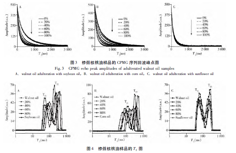 低場(chǎng)核磁共振技術(shù)因具有快速、無損、準(zhǔn)確,且無需任何化學(xué)試劑等優(yōu)點(diǎn),現(xiàn)已廣泛應(yīng)用于食品行業(yè)。下面簡(jiǎn)單介紹利用低場(chǎng)核磁共振分析儀,以純核桃油及摻入大豆油、玉米油、葵花油的摻假核桃油為研究對(duì)象,結(jié)合化學(xué)計(jì)量學(xué)方法分析處理樣品的( CPMG) 回波數(shù)據(jù)及實(shí)際摻假值,對(duì)核桃油品質(zhì)進(jìn)行評(píng)價(jià)。
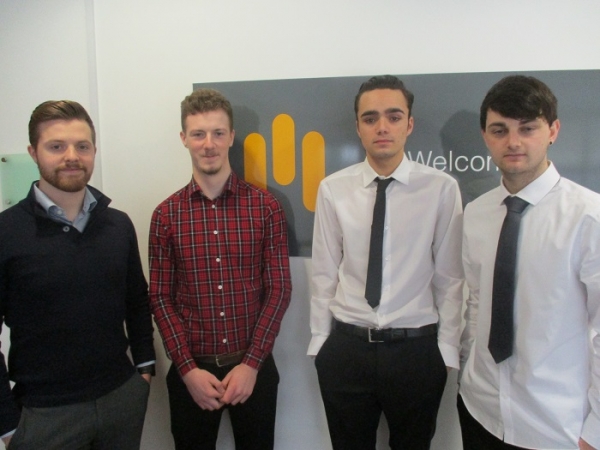 Image L-R: Chris Cowan, Trainee QS; James Hazzard, Management Trainee; Anjay Chauhan, Work Experience and Josh Burns, Work Experience.
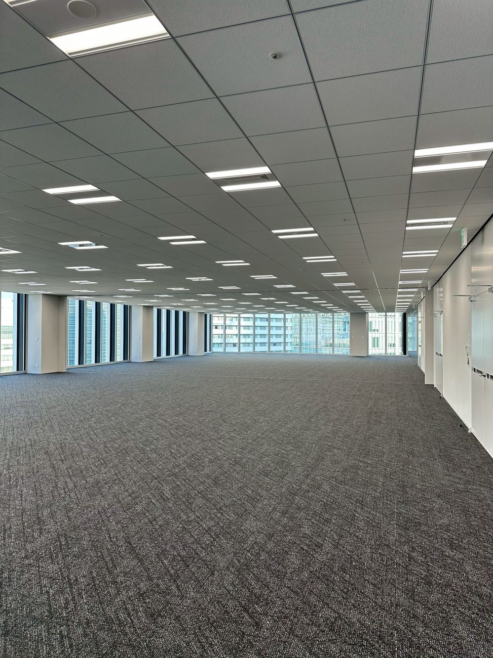辦公空間位於地上 11 至 27 層,單層面積約 4,000㎡,為西日本最大規模的基準樓層。無柱空間與高度彈性的規劃,最小可分割為約 130㎡,滿足不同類型企業需求。支援樓層位於 8、9 樓,提供多項員工專屬設施、15 間租用會議室與共享工作空間,完善商務功能。
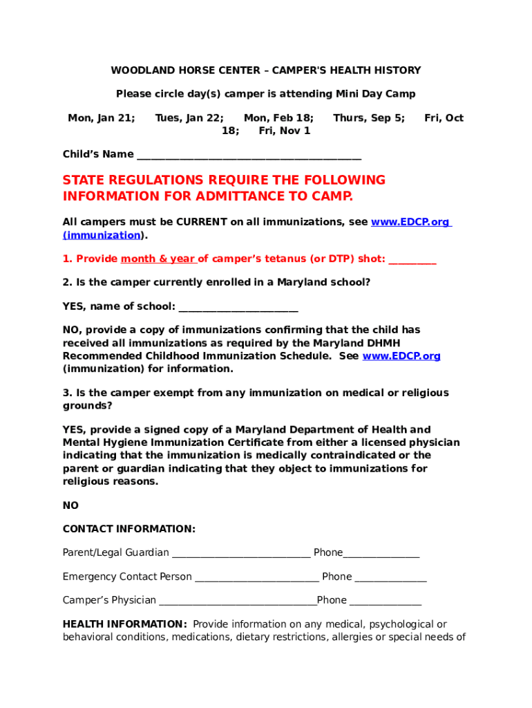Frequently asked questions about the form Holiday Camp at Woodland Horse Center - Great Outdoor Fun!
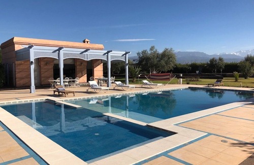 The CLOS DES ÉTOILES located 15 minutes from the Royal Golf and Amelkis less than 30 minutes from Marrakech, welcomes you all year round for your group stays, with friends, family or for all your small private events and events. company. The Villa offers unique reception capacities in Marrakech, thanks to its huge living room serving as a modular banquet room that can accommodate all the guests at the table. Its huge swimming pool and its shaded terrace, decorated with a pool house and a fully equipped outdoor kitchen, as well as its garden with trees and flowers, will enhance your stay. The Domaine can accommodate 14 people in its 7 very comfortable rooms.
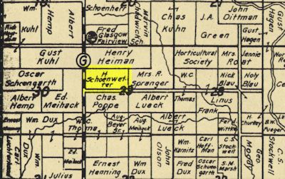 Herbert came to Longwood, Clark Co., Wisconsin with his parents, Frank and Bertha Salzsieder Schoenwetter. They settled on a farm near Longwood where he lived until 1915. In his twenty-second year, he was married to Miss Jennie Spranger and moved to Janesville, where they remained for two years before returning to Clark County and purchased their farm in the Town of Weston, where he lived until his death.
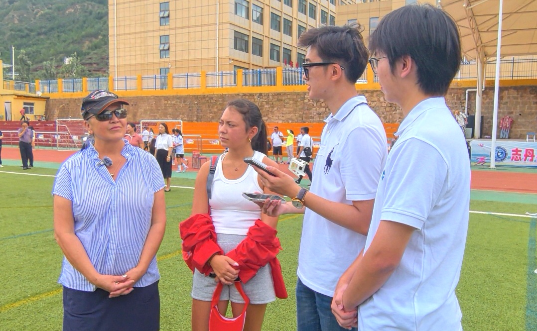 在志丹县保安小学群山环绕的足球场上,来自中美两国的青少年展开了一场别开生面的男女混合足球友谊赛,以体育为媒促进交流。双方队员在绿茵场上奋力拼搏,展现出青春风采,赛后更是热烈交流,足球成为了连接友谊的纽带。来自世界杯直播在线观看中英双播专业的两位同学现场进行了精彩的双语足球解说,将比赛气氛带入高潮,获得现场观众和美国研学团师生的交口称赞。
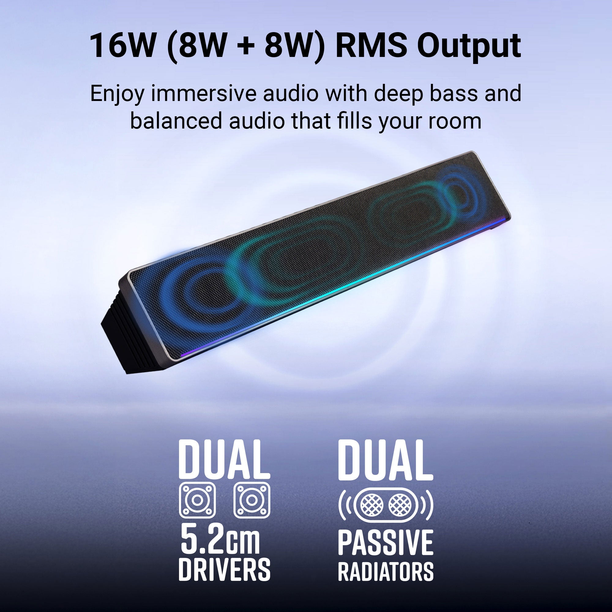 | Output power (RMS) | 16W (8W + 8W) |
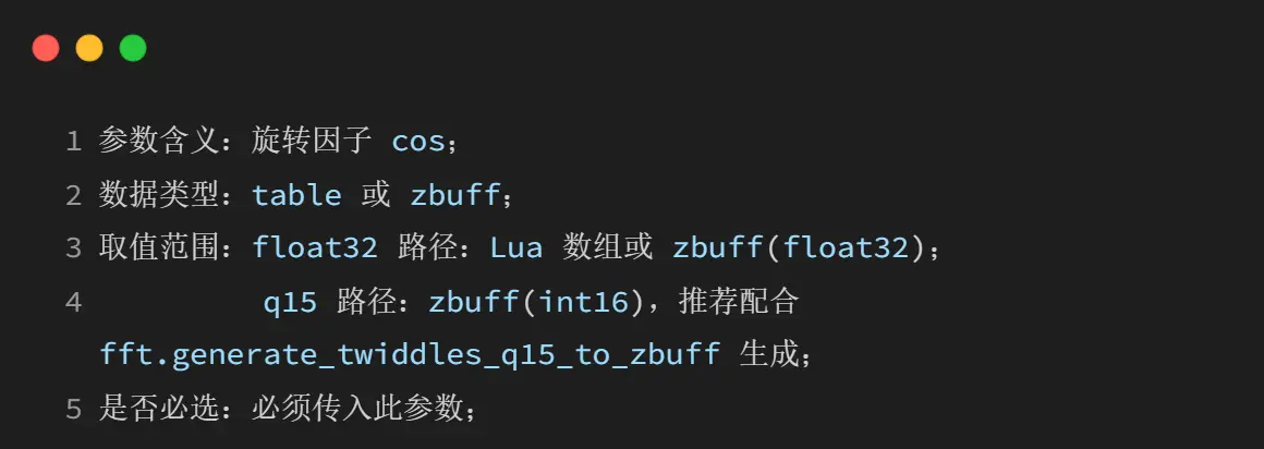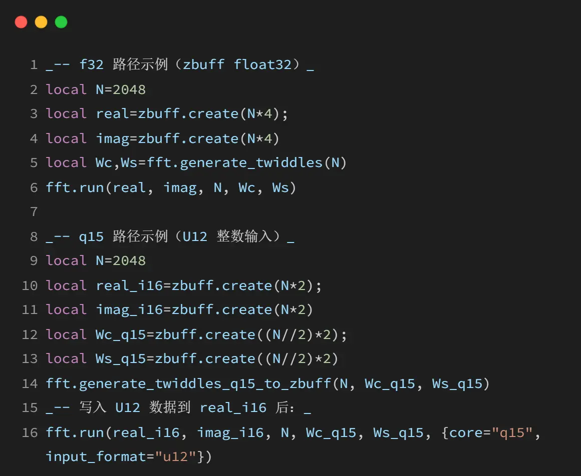 fft 模块提供高性能的快速傅里叶变换(FFT)和逆快速傅里叶变换(IFFT)功能,支持 float32 和 q15 定点两种内核,适用于信号处理、频谱分析等场景。
• • • • •
### Problem
Lines from the one holding "16W (8W + 8W) |" to the end of the data, both ends included, are to be given again exactly; no pictures belong in the copy.

### Written reply
 | Output power (RMS) | 16W (8W + 8W) |
 fft 模块提供高性能的快速傅里叶变换(FFT)和逆快速傅里叶变换(IFFT)功能,支持 float32 和 q15 定点两种内核,适用于信号处理、频谱分析等场景。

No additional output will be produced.